Human-operated systems address this with release notes and changelogs. Agent-operated
systems need something machine-readable and actionable: a record of what changed, who
depends on it, and a channel to trigger adaptation before the breakage hits.
The trailing-slash normalisation performed on 2026-04-26 is a concrete example: it
was a deliberate, coordinated breaking change. Without a registry, every consumer had
to be found by manual grep. With one, the change record names the affected repos,
their agents receive inbox notifications, and each can adapt autonomously.
## Core Abstraction: InterfaceChange
An `InterfaceChange` record describes a single, versioned mutation to a published
interface boundary.
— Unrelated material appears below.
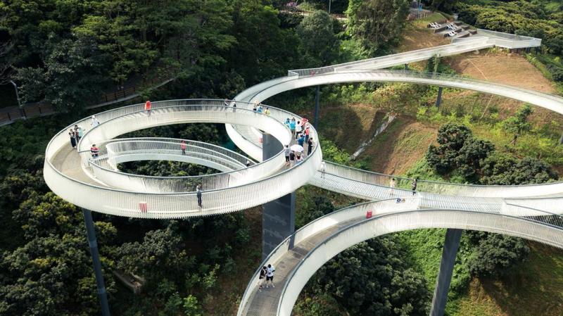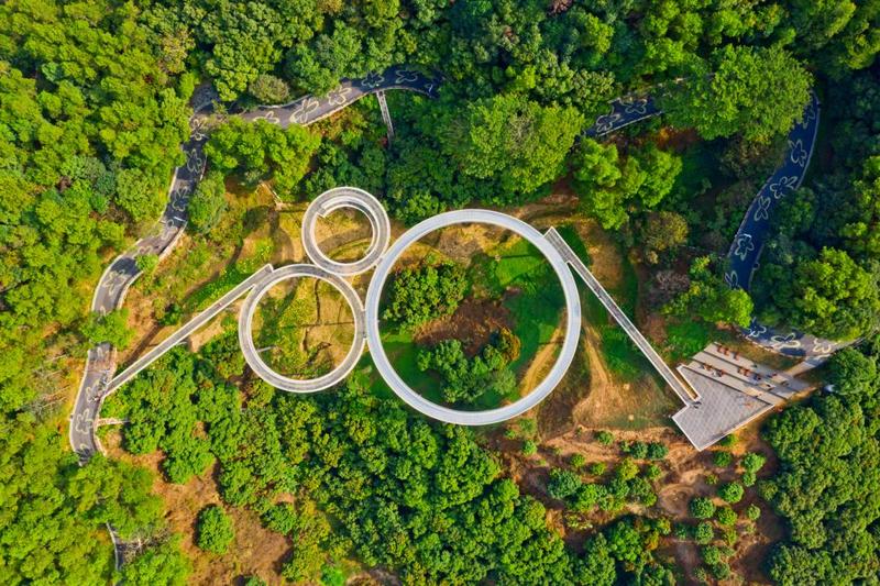 虹桥公园位于光侨路与大顶岭之间,占地面积约410公顷。公园包括三个区域,由西至东分别为入口区、碧湖区和森林区,三个区域由一条长约4000米的红色空中栈桥串联。
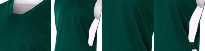 100% polyester, 4 oz. per square yard; Contains moisture wicking, stain release, and is odor resistant; Contrast high visibility panels with and open bottom for easy printing on both sides of uniform; Reversible;

It carries:
| Field | Purpose |
|---|---|
| `repo_slug` | The repo that owns the interface |
| `interface_type` | What kind of interface: `rest_api`, `mcp_tool`, `cli`, `schema`, `capability` |
| `change_type` | Nature of change: `breaking`, `additive`, `deprecation`, `removal` |
| `title` | Short human-readable summary |
| `description` | Full description with before/after detail |
| `affected_paths` | Specific endpoints, tool names, CLI commands, or schema fields changed |
| `affected_repo_slugs` | Repos known to consume this interface |
| `status` | `draft``published``resolved` |
| `planned_for` | Optional date — set when change is announced before it ships |
| `published_at` | When the change became live |
| `resolved_at` | When all known dependents have adapted |
## Lifecycle
```
draft ──publish──▶ published ──resolve──▶ resolved
│ │
│ auto-notify affected
│ repo agents (inbox)
└── edit freely; no notifications yet
```
**draft** — change is being documented but not yet live or announced. Safe to edit.
Can be used to pre-announce a planned breaking change before it is merged.
**published** — the change is live (or imminently scheduled). On publish, the hub
automatically sends an inbox message to the agent of each `affected_repo_slug`.
The message contains enough context for the agent to identify what needs updating.
**resolved** — all known dependents have adapted and confirmed. Can be closed by
the originating agent or by any affected agent once it has updated its side.
## Dependency Routing
`affected_repo_slugs` can be populated in two ways:
1. **Explicit** — the author lists known consumers when creating the record.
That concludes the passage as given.